Public Accounts Have a Hole of $ 47.4 billion in The 1st Year of Lula

It's equivalent to 2.12% of the GDP; This is the worst result since 2020

Brasília

In the first year of Luiz Inácio Lula da Silva's (PT) government, the central government accounts had a hole of R$ 230.5 billion ($ 47.4 billion) in 2023, equivalent to 2.12% of the GDP (Gross Domestic Product). This is the worst result since 2020, the year of the Covid-19 pandemic.

Brazil's President Luiz Inacio Lula da Silva talks with Brazil's Finance Minister Fernando Haddad during the meeting of the opening of the G20 sherpa and finance tracks joint session in Brasilia at the Itamaraty Palace in Brasilia, Brazil December 13, 2023. REUTERS/Adriano Machado - REUTERS

The outcome was influenced by the regularization of precatórios, judicial debts that had been postponed by Jair Bolsonaro's (PL) administration.
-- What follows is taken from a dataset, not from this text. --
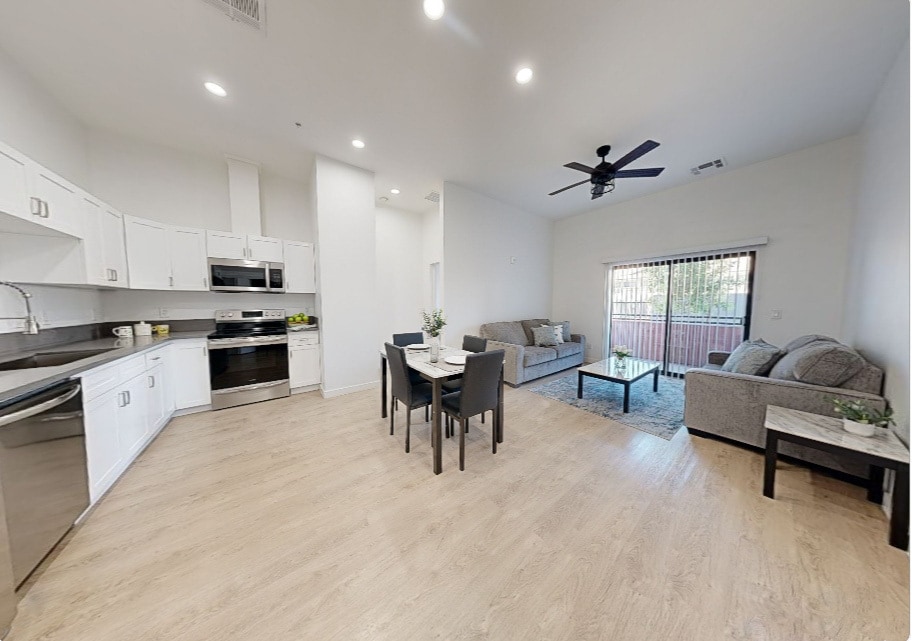 Welcome to Apache Rock Apartments, your stylish new apartment home in Tempe, Arizona. Nestled in an exclusive community of just 75 apartment homes, we offer the perfect blend of comfort, class and convenience. Our spacious apartments feature open kitchens with sleek, modern finishes and high-end, energy-efficient stainless-steel appliances, built in microwaves, dishwashers and deep sinks with upgraded pull out faucets. Each apartment comes equip with a full-size LG washer and dryer, and private patios or yards to enhance your lifestyle. Relax by the sparkling pool, enjoy a good work out in our 24-hour state-of-the-art fitness center, or enjoy grilling and socializing in our BBQ lounge area. For your four-legged companions, we’ve got a fully gated dog park where they can play freely. Parking is always free, covered parking coming soon, and just added- an EV charging station for electric vehicles. Plus, with the added peace of mind of living in a fully secure building, you’ll truly feel at home. At Apache Rock, everything we do revolves around our residents. You’ll love being close to favorites like Tempe Town Lake, shopping spots such as at Tempe Market Place & Mesa Market Place or grabbing a bite at Culinary Dropout, the best of Tempe is at your fingertips. Quick and easy access to Highways 101 and 202 and 60. We are located less than 1.2 miles from the vibrant ASU community. ASU campus is just minutes away by bike, scooter, or light rail. Furnished Options Available. Discover a better way to live—Experience the Apache Rock Lifestyle!

At the end of last year, the Lula government obtained authorization from the Supreme Federal Court (STF) to settle a liability of R$ 92.4 billion ($ 19 billion). Even without precatório payments, the deficit would have been R$ 138.1 billion ($ 28 billion) — equivalent to 1.27% of the GDP and still the worst since 2020.

In this comparison, only Dilma Rousseff's (PT) second term had a worse result in the first year of the administration. In 2015, the hole was R$ 183.1 billion ($ 37 billion) due to the regularization of the so-called fiscal maneuvers. In 2019, the first year of Bolsonaro's administration, the deficit was R$ 122.6 billion ($ 24.7 billion) . The values were adjusted for inflation. The 2023 result was worse than the informal goal set by Minister Fernando Haddad (Finance), who promised to deliver a deficit of up to 1% of the GDP in the first year of the administration.

Even before Lula's inauguration, the government worked in the National Congress to approve a Constitutional Amendment Proposal (PEC) that authorized an increase of up to R$ 168 billion in spending in 2023 to restore budget actions that were constrained by cuts of up to 95%.